J'achète l'impensable. Je mets la revue dans une pochette avec mon plan de Toulouse et je pars déjeuner avec les étudiants. Jeunes filles et jeunes garçons, cartes postales les plus usitées en main me demandent ce que j'ai acheté en cachette. Je leur montre la revue de "Monsieur Toussaint LOUVERTURE". Ils sont étonnés. C'est une vue imprenable que je leur offre. Ils s'en souviendront plus tard. Je tourne les pages en leur faisant remarquer la finesse et l'attention de l'écriture, des paginations, de l'imaginaire de quelques phrases lues furtivement. Mon ami E.C., collègue enseignant me dit : « Voici des écrits proches de ton île virtuelle, tu devrais leur proposer quelque chose » E.C. est plus aisé que moi pour les collaborations. Je ne fais pas trop attention à sa suggestion. N'ayant pas tout bien lu, je range la revue dans ma pochette en attendant d'être seule au calme. J'accompagne les étudiants dans leur car. Je leur fais un signe de la main en guise d'au revoir, pas d'adieux car je les retrouverais quelques jours plus tard aux pays de la Loire. J'oubliais ! Qui sont-ils ? Que font-ils ? Qui suis-je ? Ils repartent à l'école supérieure des beaux-arts d'Angers où j'enseigne les nouveaux médias, des choses en réseau, en relation les unes aux autres, par regroupements, par différences, des couleurs et des écritures hypertextuelles, des graphismes qui n'y paraissent pas, une certaine fabrication des mots-plaisirs… dans l'option communication depuis 3 ans, 16 heures par semaine en venant de Paris, gare Montparnasse. Je ne sais si je vais poursuivre dans cette école ma pédagogie de conte de fée pour châteaux hantés. Ce que je sais, c'est que les rencontres me poussent au voyage. Le 26 mai 2004, c'était le vernissage d'une exposition que nous avons organisé avec mon ami et collègue E.C. enseignant à
l'école supérieure des beaux-arts de Toulouse pour les étudiants des deux écoles dans un cadre pédagogique, nommée « Les icônes Apache ». Un titre spécial pour un même sujet d'étude d'une année donné avec bonne humeur aux étudiants de deux écoles distantes, dont je ne ferais cours ici. Vous êtes déboussolés ? Nous en sommes ici le 27 mai 2004 : Le lendemain du vernissage, nous sommes partis visiter le centre d'art contemporain Les Abattoirs. Dans la librairie en attendant les étudiants, j'ai acheté la revue de M.T.L. Ils sont partis, je suis seule. Me voici dans une chambre d'hôtel toulousaine, laissant derrière moi, toute cette effervescence de groupe.

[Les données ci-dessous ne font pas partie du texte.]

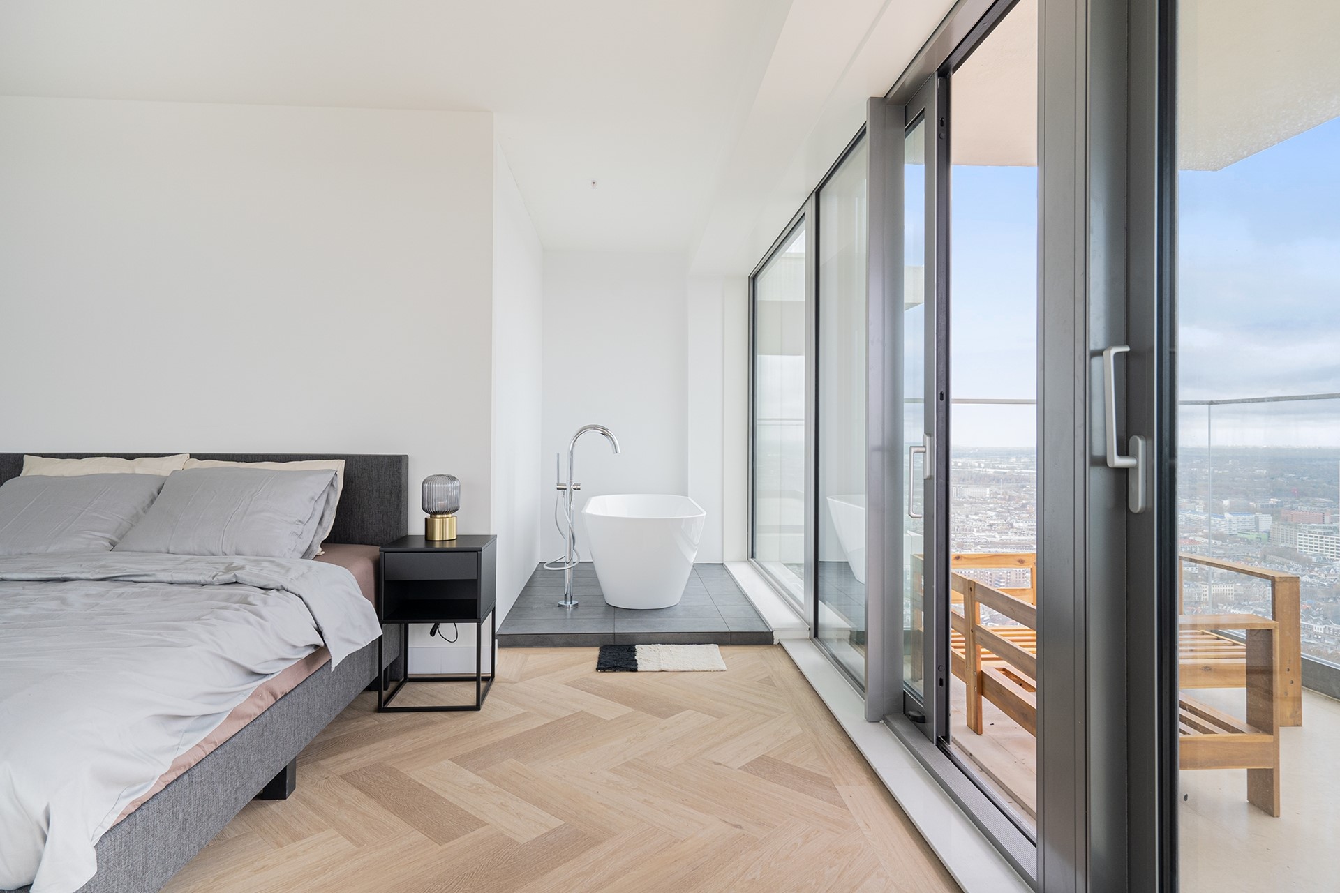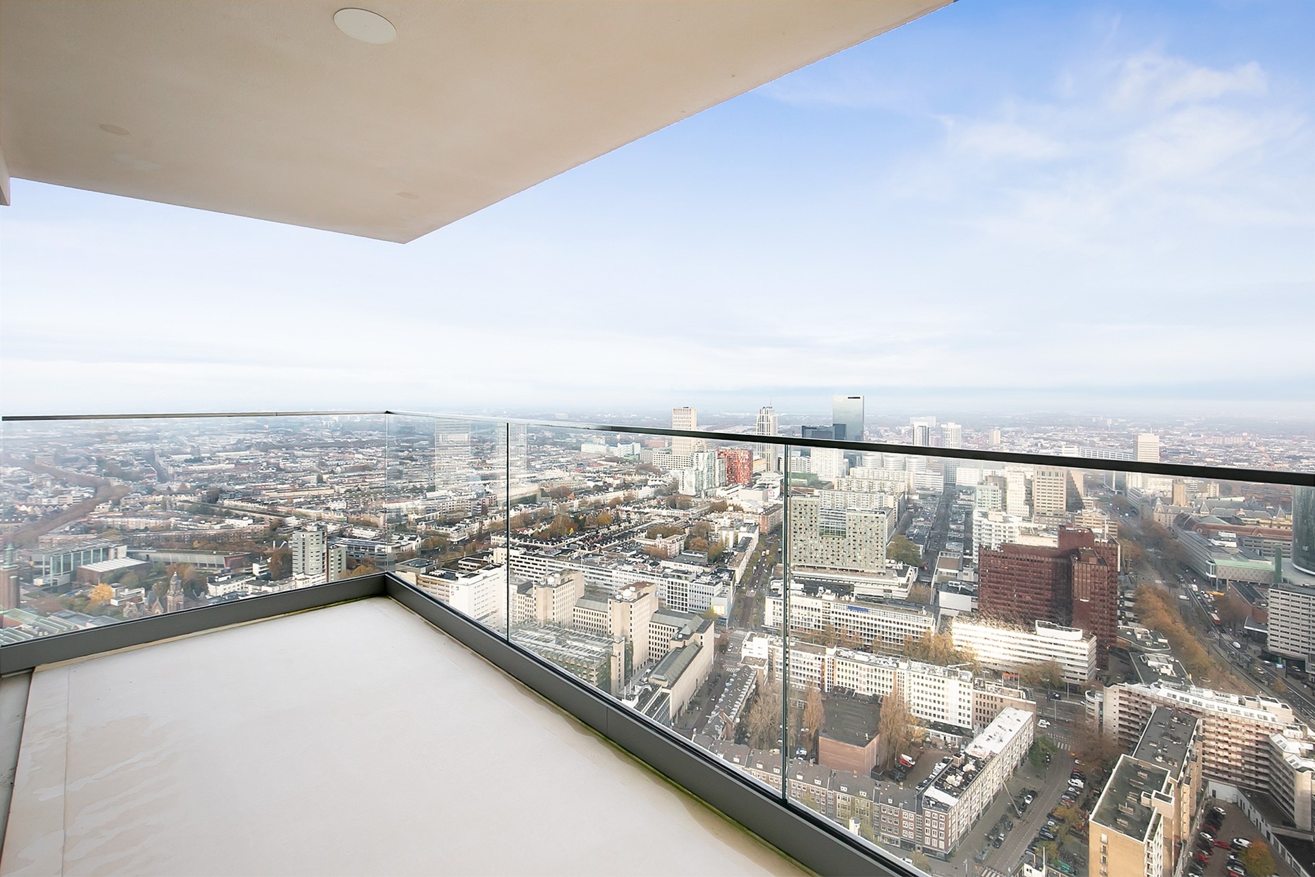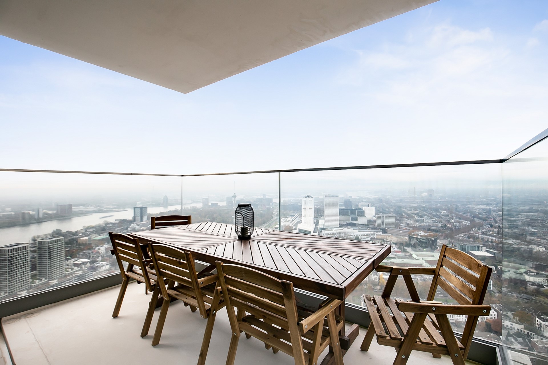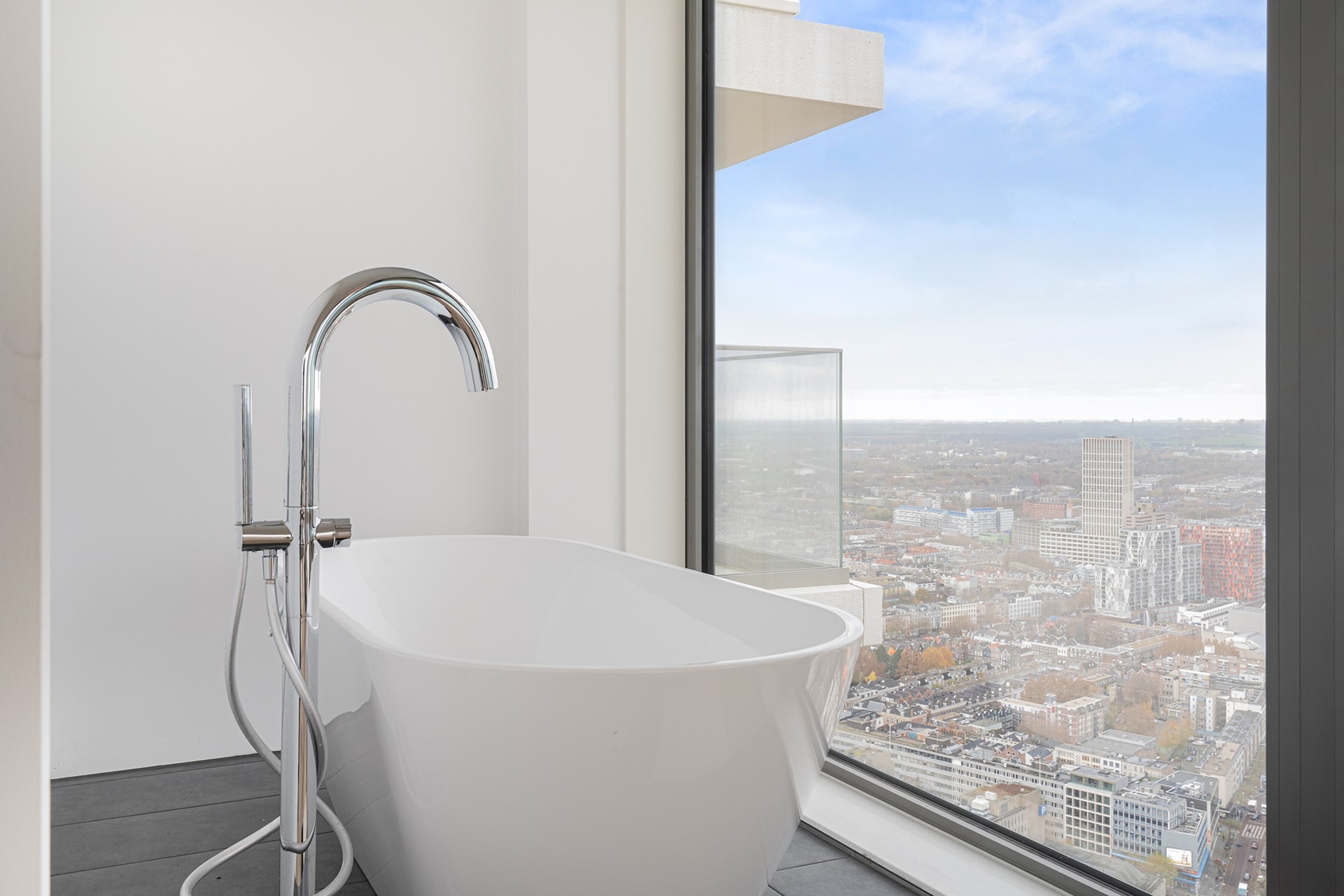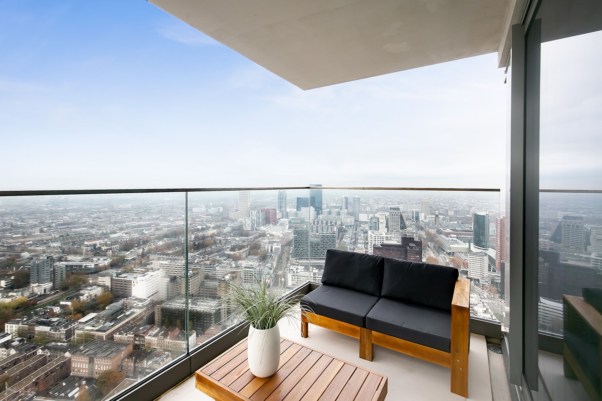 Vanuit de woonkamer heeft u toegang tot twee privébalkons; een unieke plek om de dag te beginnen of juist in alle rust af te sluiten, hoog boven de stad.

J'ouvre ma pochette et je lis la revue de Z à A en passant par M. Quelle surprise ! Enfin quelque chose qui m'excite vraiment dans nos écritures contemporaines. Quelque chose que je n'ai pas fait moi-même, rêvé sans doute mais jamais pensé toucher des yeux un jour. Mes sens s'intervertissent ainsi à la lecture. Plus tard. Je prends le train à grande vitesse jusqu'à Paris, terminus gare Montparnasse. Je prends la ligne 8, couleur violette du métro parisien. J'arrive à la station où il y a le mot "école" dedans. Je rentre chez moi. Je me connecte à Internet et pianote l'adresse suivante : http://www.monsieurtoussaintlouverture.net Arrivée dans l'autre monde, je lis le site de Z à A en passant par M. Je reconnais un auteur dont j'avais lu des textes sur son site Internet, il y a peu de temps. Il ne me connaît pas. Personne ne me connaît, d'ailleurs. Je regarde l'adresse postale de la revue : Monsieur Toussaint Louverture 82 avenue de Fronton 31200 Toulouse
Incroyable ! J'ai quasiment trouvé la revue dans son lieu d'origine ? - Une fois ma tête remplie de mots magiques, je me dis qu'il faut que je propose une collaboration particulière qui relaterait de cet itinéraire particulier. - Une nouvelle fois, je me dis, comme je ne connais personne, personne ne va me lire. - À chaque fois, je me dis que je pourrais vivre jusqu'à la fin de mes jours comme une inconnue aimant ce qui n'est pas encore connu. Peut-être parce que je ne fais aucun effort pour faire connaître ce que je fais, m'appliquant à retarder la communication de mon travail, refusant presque l'effet d'annonce ? - Pour une fois, je me dis, que je vais faire l'effort d'écrire pour des inconnus que je commence à apprendre à connaître, dont il me semble que j'ai quelque chose à partager. Ainsi j'ai pris le risque de me faire connaître en envoyant cet itinéraire jusqu'au bout du monde.